The integrated, cohort-based structure compounds it. Programs admit a class that moves through the sequence together. Slotting a partway-through transfer into another program’s cohort — at the right point, with the right prior competencies verified — is difficult, and many programs simply don’t do it.
That doesn’t make it impossible. Some programs evaluate prior sonography coursework individually, and outcomes vary by program and by how closely the curricula align. But anyone considering a mid-program move should expect that much of the sonography core may not carry, and should confirm with the receiving program before assuming otherwise. The general-education and prerequisite credits are far likelier to survive the move than the scanning courses.
How to find out what a program will accept
Because every receiving program decides for itself, the receiving program is the only authoritative source. A few steps get you a real answer instead of a guess.
Ask the receiving program directly. A registrar, admissions office, or program coordinator can tell you which of your completed credits will be evaluated and what’s likely to transfer. Sending them your transcript for a credit evaluation is the concrete way to find out — general guidance can’t substitute for their review of your actual courses.
Separate the questions when you ask. Be explicit about gen-eds and prerequisites versus sonography core coursework, since they’re handled differently. Knowing which prerequisites you can skip is often the most useful outcome, even if none of the sonography courses transfer.
Confirm accreditation and recency too. Credits are more likely to transfer from an accredited school, and programs may have limits on how old a course can be. Checking those details up front avoids surprises later. Get the program’s transfer policy in writing where you can, so the answer is documented and not just a hallway conversation.
The throughline is simple: the rule lives with the program you’re transferring into, so that’s who you ask.
Key takeaways
- General-education and prerequisite credits — English, math, basic sciences, sometimes physics — often transfer between accredited schools; the sonography core usually doesn’t.

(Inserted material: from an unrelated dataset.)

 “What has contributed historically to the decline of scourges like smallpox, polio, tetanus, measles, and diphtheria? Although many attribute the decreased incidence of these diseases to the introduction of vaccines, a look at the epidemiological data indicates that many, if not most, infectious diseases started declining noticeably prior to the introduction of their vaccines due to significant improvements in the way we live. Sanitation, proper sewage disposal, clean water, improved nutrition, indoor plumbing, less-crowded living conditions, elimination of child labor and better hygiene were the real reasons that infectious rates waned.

- Core sonography courses (physics, scanning labs, clinicals) rarely transfer because accredited curricula are competency-based under CAAHEP/JRC-DMS standards and tied to a program’s own training and equipment.
- Transferring between two sonography programs is the hardest case — much of the hands-on coursework may not carry, and the cohort-based sequence makes mid-program entry difficult.
- Prerequisites are where transfer credit helps most: courses already completed at an accredited school may satisfy program requirements, saving time and tuition.